About this task: Print out the full material below, exact in every line, with no images included.

------ Dataset extract ------

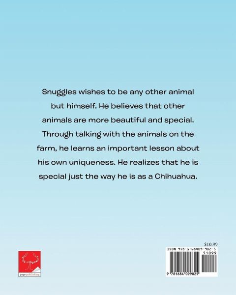 Snuggles wishes to be any other animal but himself. He believes that other animals are more beautiful and special. Through talking with the animals on the farm, he learns an important lesson about his own uniqueness. He realizes that he is special just the way he is as a Chihuahua.
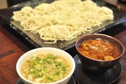 西の河原通りにある「三國家」の「三国そば」(950円)。板そばで更科系。2.5人前の分量がある。つけ汁は別売りで、都汁(醤油味)、田舎汁(味噌味)から選ぶ(ともに400円)。都汁は鴨南とラーメンのつけだれに似た味、田舎汁は赤だしベースの濃い目のけんちん汁のような味。
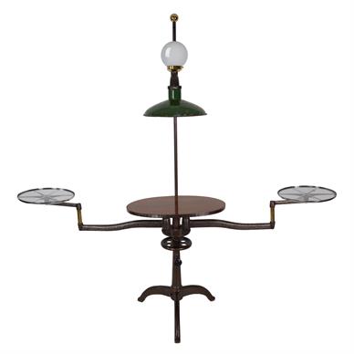 ADJUSTABLE LAMP WITH ATTACHED TABLE AND ROTATING HANDS
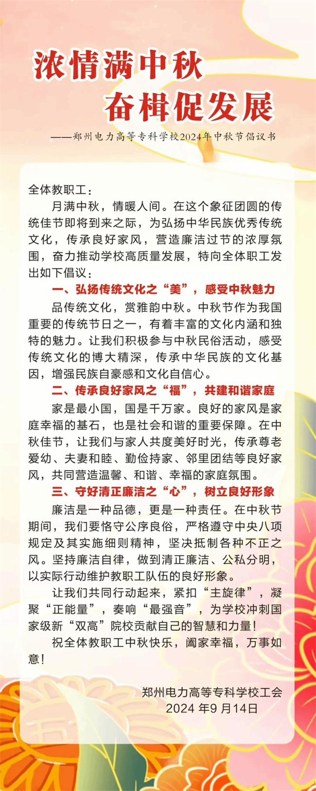 鄭州電力高等專科學(xué)校工會(huì)還向全體教職工發(fā)布了《鄭州電力高等?凄嵵蓦娏Ω叩葘?茖W(xué)校2024年中秋節(jié)倡議書》。號(hào)召全體教職工弘揚(yáng)傳統(tǒng)文化之“美”,感受中秋魅力;傳承良好家風(fēng)之“福”,共建和諧家庭;守好清正廉潔之“心”,樹立良好形象,共同行動(dòng),緊扣“主旋律”,凝聚“正能量”,奏響“最強(qiáng)音”,為學(xué)校沖刺國家級(jí)新“雙高”院校貢獻(xiàn)自己的智慧和力量。

------

Expected answer:
 Snuggles wishes to be any other animal but himself. He believes that other animals are more beautiful and special. Through talking with the animals on the farm, he learns an important lesson about his own uniqueness. He realizes that he is special just the way he is as a Chihuahua.
 西の河原通りにある「三國家」の「三国そば」(950円)。板そばで更科系。2.5人前の分量がある。つけ汁は別売りで、都汁(醤油味)、田舎汁(味噌味)から選ぶ(ともに400円)。都汁は鴨南とラーメンのつけだれに似た味、田舎汁は赤だしベースの濃い目のけんちん汁のような味。
 ADJUSTABLE LAMP WITH ATTACHED TABLE AND ROTATING HANDS
 鄭州電力高等專科學(xué)校工會(huì)還向全體教職工發(fā)布了《鄭州電力高等?凄嵵蓦娏Ω叩葘?茖W(xué)校2024年中秋節(jié)倡議書》。號(hào)召全體教職工弘揚(yáng)傳統(tǒng)文化之“美”,感受中秋魅力;傳承良好家風(fēng)之“福”,共建和諧家庭;守好清正廉潔之“心”,樹立良好形象,共同行動(dòng),緊扣“主旋律”,凝聚“正能量”,奏響“最強(qiáng)音”,為學(xué)校沖刺國家級(jí)新“雙高”院校貢獻(xiàn)自己的智慧和力量。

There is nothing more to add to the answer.